EXERCISE DETAILS:
Your task is to repeat the lines below exactly, excluding any pictures they contain.

[[ SUPPLIED INFORMATION open ]]

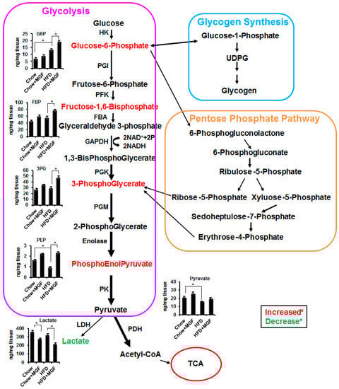 Glucose-6-phosphate is the first metabolite in glucose metabolism. HFD feeding almost doubled glucose-6-phosphate probably due to HFD blunted metabolism at the subsequent metabolic steps, as there was gradually augmented reduction in metabolites from the early steps to the later. Near the end of glycolysis, HFD caused significant reduction in PEP and pyruvate (Table 1, Figure 1). On the contrary, MGF gradually and significantly increased metabolites and the increases were augmented from the early steps to the later (Table 1, Figure 1). These results indicate that MGF is able to counteract the inhibitory effects of HFD on glycolysis.
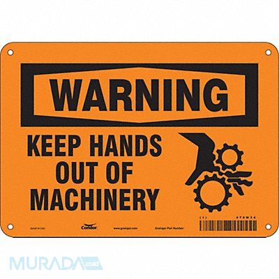 Safety Sign Vertical Rectangle Number of Printed Sides 1 English Sign Format Traditional OSHA Sign Legend Keep Hands Out Of Machinery Sign Legend Background Color Orange Sign Legend Style Symbol and Text
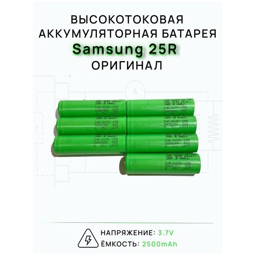 Аккумуляторная батарея Samsung высокотоковая - 7шт 25R, размерность 18650 2500 мАч 30А 3.7В
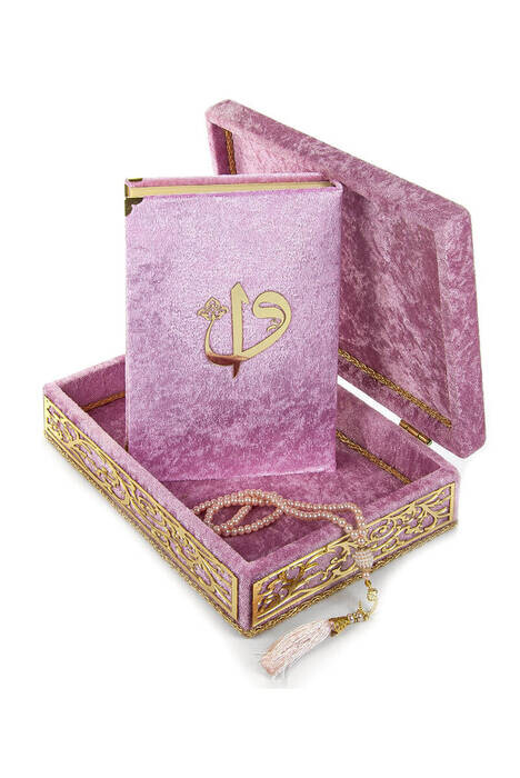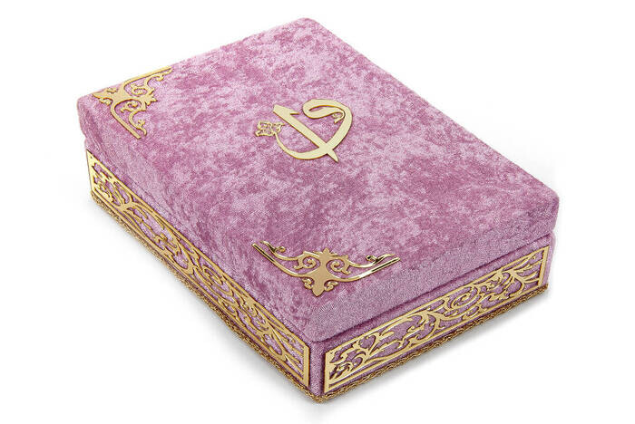 Ürün Adı: "Özel Elif Vav Pleksi Süslemeli Hediyelik Kadife Kaplı Kutulu Kuranı Kerim Pembe"

[[ SUPPLIED INFORMATION closed ]]

RESULT:
 Glucose-6-phosphate is the first metabolite in glucose metabolism. HFD feeding almost doubled glucose-6-phosphate probably due to HFD blunted metabolism at the subsequent metabolic steps, as there was gradually augmented reduction in metabolites from the early steps to the later. Near the end of glycolysis, HFD caused significant reduction in PEP and pyruvate (Table 1, Figure 1). On the contrary, MGF gradually and significantly increased metabolites and the increases were augmented from the early steps to the later (Table 1, Figure 1). These results indicate that MGF is able to counteract the inhibitory effects of HFD on glycolysis.
 Safety Sign Vertical Rectangle Number of Printed Sides 1 English Sign Format Traditional OSHA Sign Legend Keep Hands Out Of Machinery Sign Legend Background Color Orange Sign Legend Style Symbol and Text
 Аккумуляторная батарея Samsung высокотоковая - 7шт 25R, размерность 18650 2500 мАч 30А 3.7В
 Ürün Adı: "Özel Elif Vav Pleksi Süslemeli Hediyelik Kadife Kaplı Kutulu Kuranı Kerim Pembe"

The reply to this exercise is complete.